Ces entrepreneurs du « made in Togo »

Réservé aux abonnés | | Par - à Lomé
Mis à jour le 31 décembre 2020 à 14h35
Vue de la ville de Lomé, au Togo.

Vue de la ville de Lomé, au Togo. © Jacques Torregano pour JA

Dans plusieurs secteurs d’activité au Togo, des sociétés 100 % togolaises réussissent à s’imposer. La volonté et la motivation de leurs fondateurs y sont pour beaucoup.

Ils sont des modèles pour tous ceux qui souhaitent entreprendre à un niveau national. Ces dernières années, plusieurs figures d’entrepreneurs ont émergé au Togo. Malgré un accès compliqué au financement, le poids de la concurrence internationale ou encore les difficultés de commercialisation sur le marché local, ils arrivent à créer leurs sociétés et devenir des références.

Jeune Afrique a sélectionné une liste de directeurs d’entreprises aux parcours inspirants. Tous ont un point commun, leur détermination à réussir, tout en utilisant les ressources du pays.

  • Aimée Abra Tenu-Lawani : des cosmétiques et une philosophie de vie
Aimée Abra Tenu-Lawani, fondatrice de Kari Kari

Aimée Abra Tenu-Lawani Kari Kari © Florent Banissah

C’est dans la ville de Kpalimé, à 120 km de Lomé, qu’Aimée Tenu-Lawani a installé la société SetP Cosmétiques naturels. Sa marque, Kari Kari, fondée en 2014, produit des savons équitables et biologiques, mais aussi des huiles anti-moustiques ou des baumes corporels. Le chiffre d’affaires de sa société s’élève à 18 millions de francs CFA (27 433 euros).

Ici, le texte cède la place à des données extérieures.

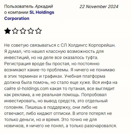 - в сети уже появились негативные отзывы о Sl Holdings com.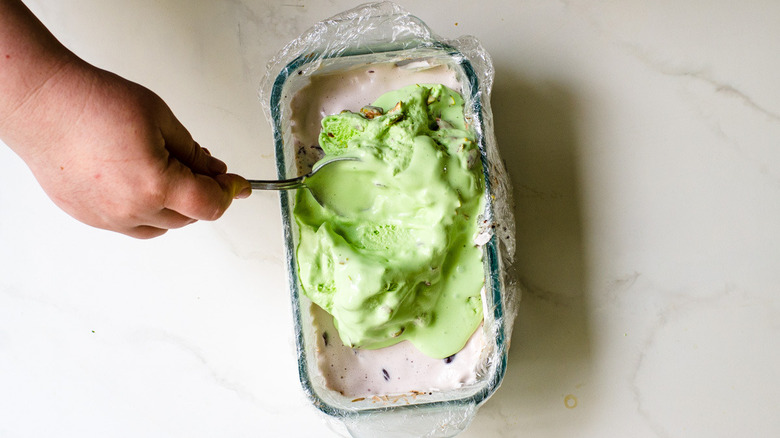 - If using, stir the optional chopped pistachios into the pistachio ice cream. Spread the ice cream in a layer over the cherry ice cream. Cover the loaf pan and freeze overnight.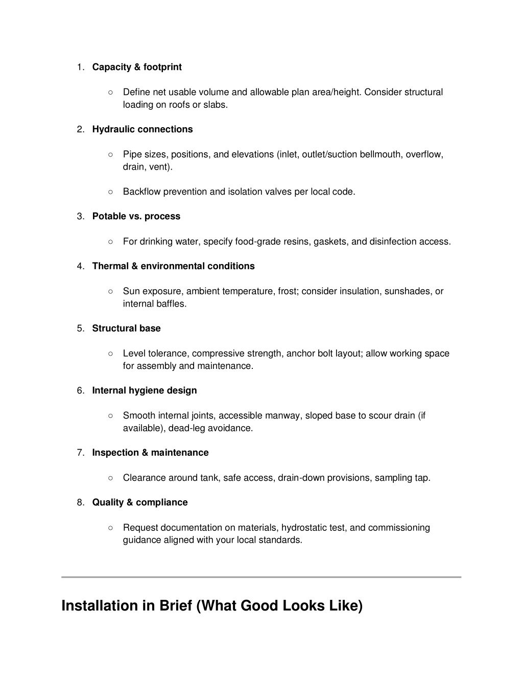 1. Capacity & footprint ○ Define net usable volume and allowable plan area/height. Consider structural loading on roofs or slabs. 2. Hydraulic connections ○ Pipe sizes, positions, and elevations (inlet, outlet/suction bellmouth, overflow, drain, vent). ○ Backflow prevention and isolation valves per local code. 3. Potable vs. process ○ For drinking water, specify food-grade resins, gaskets, and disinfection access. 4. Thermal & environmental conditions ○ Sun exposure, ambient temperature, frost; consider insulation, sunshades, or internal baffles. 5. Structural base ○ Level tolerance, compressive strength, anchor bolt layout; allow working space for assembly and maintenance. 6. Internal hygiene design ○ Smooth internal joints, accessible manway, sloped base to scour drain (if available), dead-leg avoidance. 7. Inspection & maintenance ○ Clearance around tank, safe access, drain-down provisions, sampling tap. 8. Quality & compliance ○ Request documentation on materials, hydrostatic test, and commissioning guidance aligned with your local standards. Installation in Brief (What Good Looks Like)

Aimée Abra Tenu-Lawani se dit « businesswoman. » Elle revendique aussi fièrement le « made in Togo »: « Je suis togolaise, l’entreprise est installée au Togo et emploie des Togolais, nous travaillons les matières premières locales, » énumère-t-elle. Seuls apports de l’étranger, ses formations en saponification et cosmétiques, effectuées en Suisse et en France, en 2012 et 2014.

La société se finance sur fonds propres à 90 %, et bénéficie pour le reste d’un appui des autorités togolaises, via le Fonds d’appui aux initiatives économiques des jeunes (FAIEJ).

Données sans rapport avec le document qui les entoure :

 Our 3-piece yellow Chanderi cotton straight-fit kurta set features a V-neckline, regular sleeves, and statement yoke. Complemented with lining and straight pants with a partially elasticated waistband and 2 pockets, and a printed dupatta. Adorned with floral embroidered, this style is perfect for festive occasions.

En 2020, Kari Kari a fabriqué 20.000 produits, principalement des savons. La société compte 12 personnes et prévoit de lancer une ligne de cosmétiques purs avec distribution dans les pays de l’UEMOA.

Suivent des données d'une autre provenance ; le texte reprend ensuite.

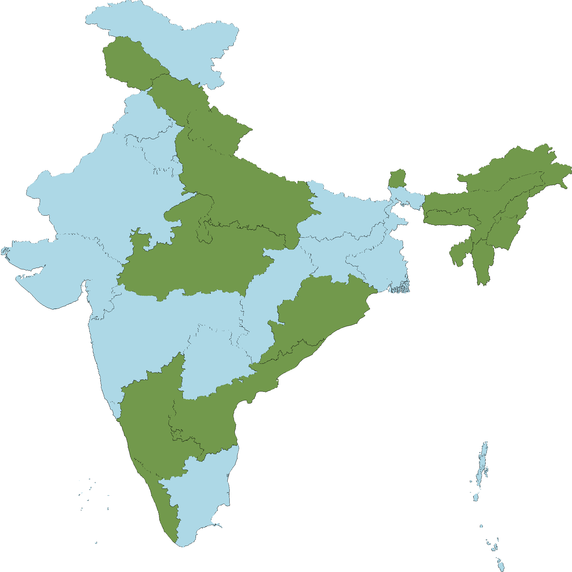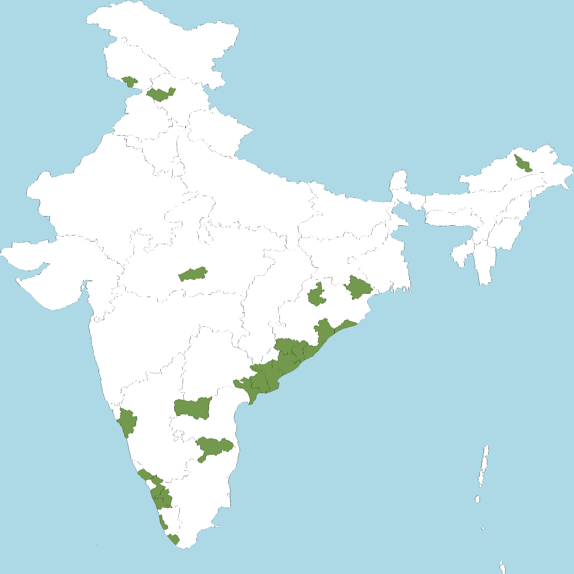 - Kerala : Kannur district, Wayanad district, Malappuram district, Palakkad district, Thrissur district, Alappuzha district, Thiruvananthapuram district

Aux débuts de la crise sanitaire, Aimée Abra Tenu-Lawani s’est même adaptée en fabriquant des gels hydroalcooliques.

Pour cette femme d’affaires, Kari Kari est plus qu’une entreprise, c’est un idéal de vie. Depuis son plus jeune âge, elle est sensible au respect de la nature et prône les circuits courts.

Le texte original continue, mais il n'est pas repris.